First, decide on the structure and break down the training into five parts:

1. Introduction to training

2. Case scenario-based pre-assessment

3. Coding guidelines with coding examples and exercises

4. Q&A session

5. Case scenario-based post-assessment

With the structure in place, you can now outline the assessments, plan the case scenarios that will be used in the exercises, and utilize a feedback form to gather input from the learners. Next, you will plan the interface for the training program and create storyboards/prototypes of the course. By working on all these details, you and other stakeholders should never lose sight of the big picture.

Calculating assessments, choosing the right course format, and carefully putting together a game plan will make developing the course content a lot easier and more effective.

3 – Development: Readiness

Now that the planning phase is completed, it’s time to get the training off the ground. During this phase, seek approval from the key stakeholders for the storyboards and structure before you create the course content. This ensures that all are on the same page before you start the ball rolling. Most of your time will be invested in this phase because this is where the course materials are created.

Below are the requirements to create a course:

  • Display the topic and introduce the presenter.
  • Specify the learning objectives.
  • Create clear and concise content.
  • Provide a summary/conclusion.
  • List resources/reference materials used.

You will finalize the syllabus and the course content by the end of this phase.

4 – Implementation: Live Session

After you have done your due diligence in the analysis phase, strategized your target training approach in the design phase, and transformed your plan of occurrence into reality in the development phase, it is time to deploy the training. This is the phase where knowledge is presented and deliverables become tangible.

The training should be delivered via a video conference platform such as Zoom. But what will that look like? First, give out the pre-assessments. Next, give an introduction and provide training based on the course created in a PowerPoint presentation. The learners will make their way through the training and exercises. Then, you can have a Q&A session that gives attendees a chance to clarify any questions they have. Once the course is distributed and users start taking the course, pay close attention to see if any issues arise. You should always have a backup plan to manage unforeseen circumstances.

5 – Evaluation: It’s Time to Measure Success

Anything that cannot be measured cannot be improved. You should monitor and validate whether the training has worked properly and goals have been achieved — from goal setting to goal getting. Verify that the training was conducted per the plan.

Evaluate the performance of the learners based on the scores from the post-assessment tests; and determine if they can meet the goals and objectives stated earlier.

You should also evaluate the lesson to determine how well the process worked and what needed more focus. The attendees should be asked to fill out a feedback survey form (see “Ask for Feedback” below for an example), and you should incorporate all the feedback into their next training program. Identify any gaps you need to fill and address them right away. Revise or modify the training system when necessary to improve it.
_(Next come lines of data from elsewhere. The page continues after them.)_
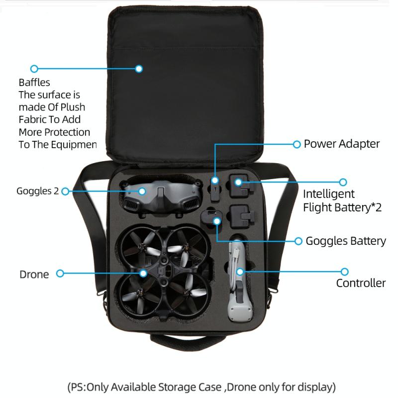 4. Compact size, but large space: Allows to store drone, goggles, remote controller, 3 batteries, charger, data cable, or some electronic devices.
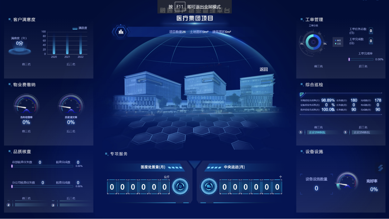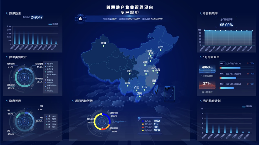 The integrated management platform features a large IOC visualization screen tailored to meet users' specific needs, offering a comprehensive data visualization solution. Through data visualization technology, the platform presents data in charts and other forms, making data easier to understand and use. At the same time, the platform sets different levels of viewing permissions for users with different needs, allowing centralized presentation and analysis of the company's current business status across various levels — from the headquarters, regions, branches, and projects to different business areas such as work order management, inspection management, hidden hazard investigation, and parking management.
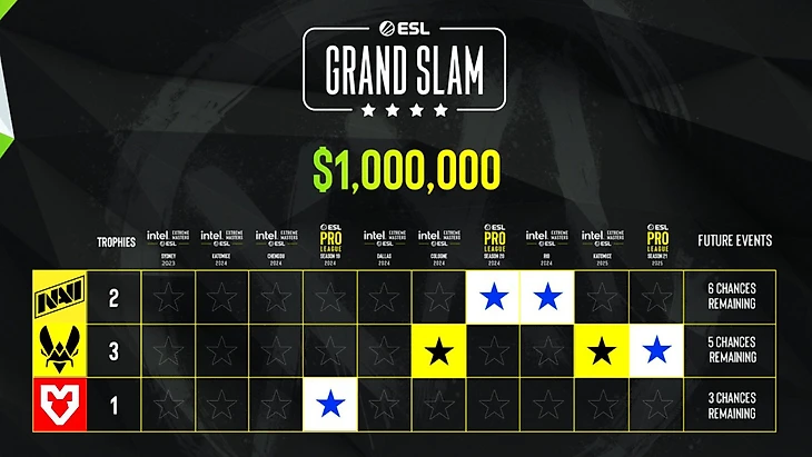 Напомню, что обладателем премии Grand Slam станет коллектив, который выиграет три ивента серии ESL Pro Tour плюс один крупный чемпионат элитной категории (IEM Cologne, IEM Katowice, или мейджор от ESL). С момента первого успеха у претендентов есть девять попыток на получение ещё трёх титулов.
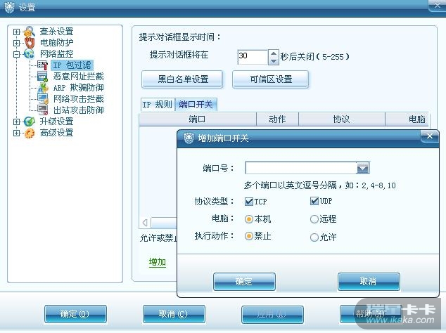 瑞星2010如何开放tcp 443端口号?

Finalize this survey prior to the closing stage. The training program cannot be considered complete unless the lessons learned are also completed. The training is considered successful only when stakeholders’ needs and expectations are met or exceeded.
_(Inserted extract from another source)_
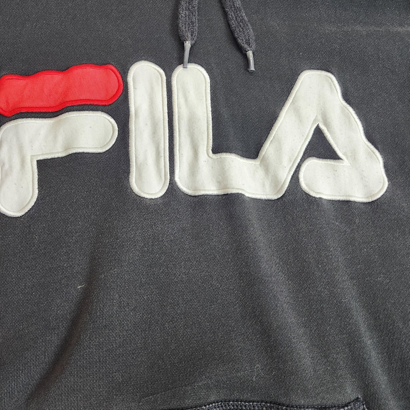 Fila Hoodie Mens XL Black Pullover Fleece Big Logo Graphic Kangaroo Sweatshirt

TIP: Effective communication is essential. If you anticipate that you will miss the timeline/deadline, then you should communicate effectively and efficiently, which will help the team to minimize the friction and misunderstandings between the stakeholders.

Success Is at Hand

Continuous learning is essential to maintaining accuracy and remaining successful in the coding industry. Inpatient coders are in demand. By creating a cross-training course using the ADDIE training model, you will not only educate your outpatient coders but do so effectively and with high engagement. This will help outpatient coders successfully transition to inpatient coding — a win-win situation for both employers and employees.